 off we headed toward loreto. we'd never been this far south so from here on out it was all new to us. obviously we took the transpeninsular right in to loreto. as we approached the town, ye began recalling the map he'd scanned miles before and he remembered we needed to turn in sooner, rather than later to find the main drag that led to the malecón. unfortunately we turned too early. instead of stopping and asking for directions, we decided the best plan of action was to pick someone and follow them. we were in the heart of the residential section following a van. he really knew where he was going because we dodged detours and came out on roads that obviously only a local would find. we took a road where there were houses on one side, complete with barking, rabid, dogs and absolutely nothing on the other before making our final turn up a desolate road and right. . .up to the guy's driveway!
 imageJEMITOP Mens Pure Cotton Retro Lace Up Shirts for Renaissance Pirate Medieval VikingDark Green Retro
---
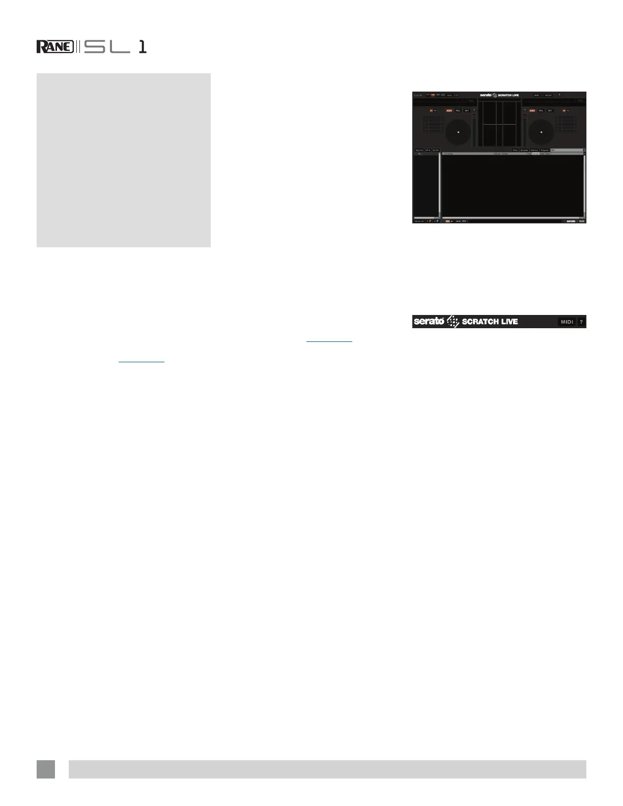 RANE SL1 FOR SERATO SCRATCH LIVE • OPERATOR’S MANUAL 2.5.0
==
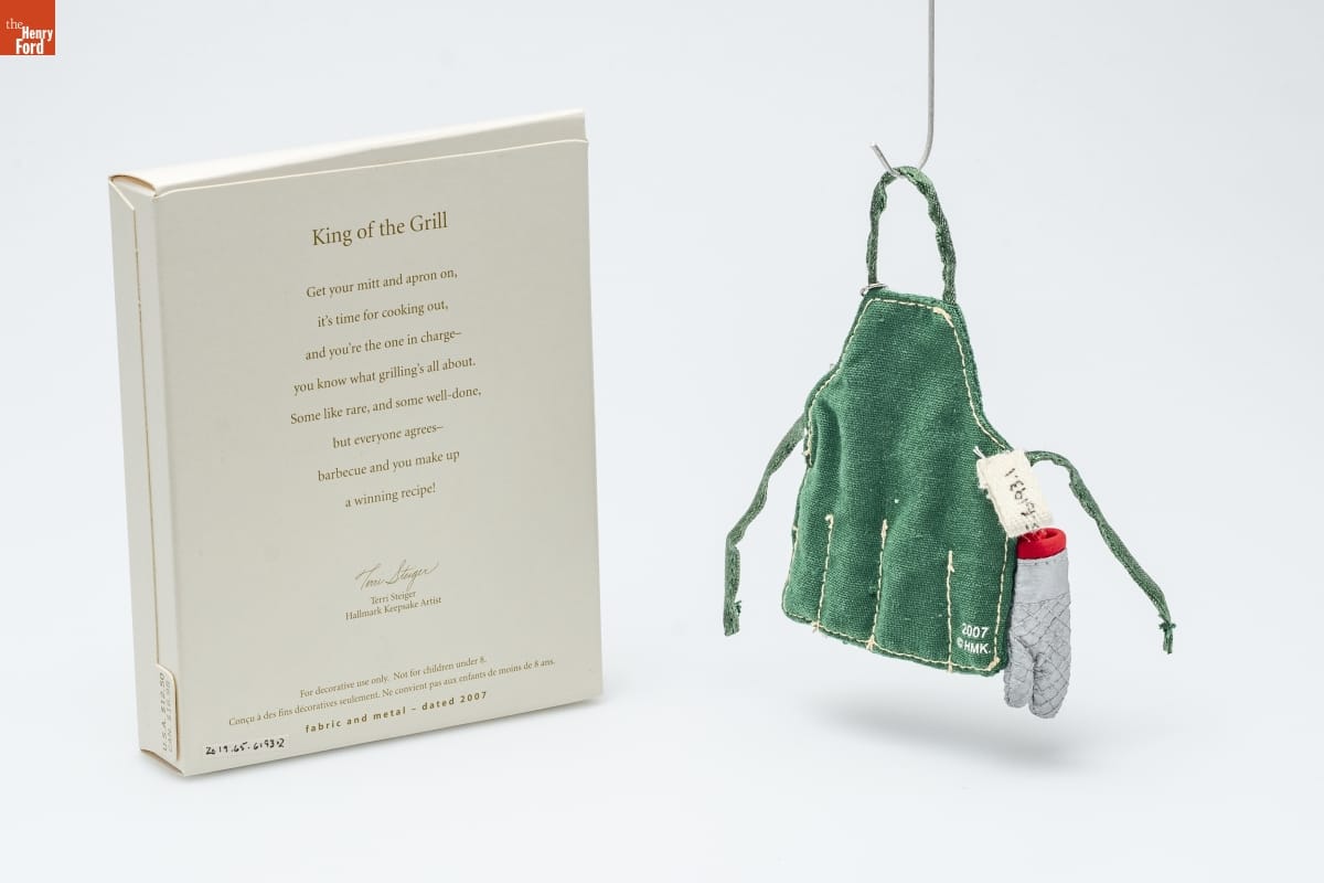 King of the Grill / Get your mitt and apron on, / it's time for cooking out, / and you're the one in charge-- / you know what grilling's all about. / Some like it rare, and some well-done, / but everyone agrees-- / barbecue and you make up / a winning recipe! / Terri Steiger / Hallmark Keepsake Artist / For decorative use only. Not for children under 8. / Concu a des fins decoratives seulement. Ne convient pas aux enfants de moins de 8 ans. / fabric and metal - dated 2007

What you will do:
In the listing above, find the line with "off we headed" and the line with "imageJEMITOP Mens Pure"; set down exactly those two lines and every line between them, nothing more.

Result of the exercise:
 off we headed toward loreto. we'd never been this far south so from here on out it was all new to us. obviously we took the transpeninsular right in to loreto. as we approached the town, ye began recalling the map he'd scanned miles before and he remembered we needed to turn in sooner, rather than later to find the main drag that led to the malecón. unfortunately we turned too early. instead of stopping and asking for directions, we decided the best plan of action was to pick someone and follow them. we were in the heart of the residential section following a van. he really knew where he was going because we dodged detours and came out on roads that obviously only a local would find. we took a road where there were houses on one side, complete with barking, rabid, dogs and absolutely nothing on the other before making our final turn up a desolate road and right. . .up to the guy's driveway!
 imageJEMITOP Mens Pure Cotton Retro Lace Up Shirts for Renaissance Pirate Medieval VikingDark Green Retro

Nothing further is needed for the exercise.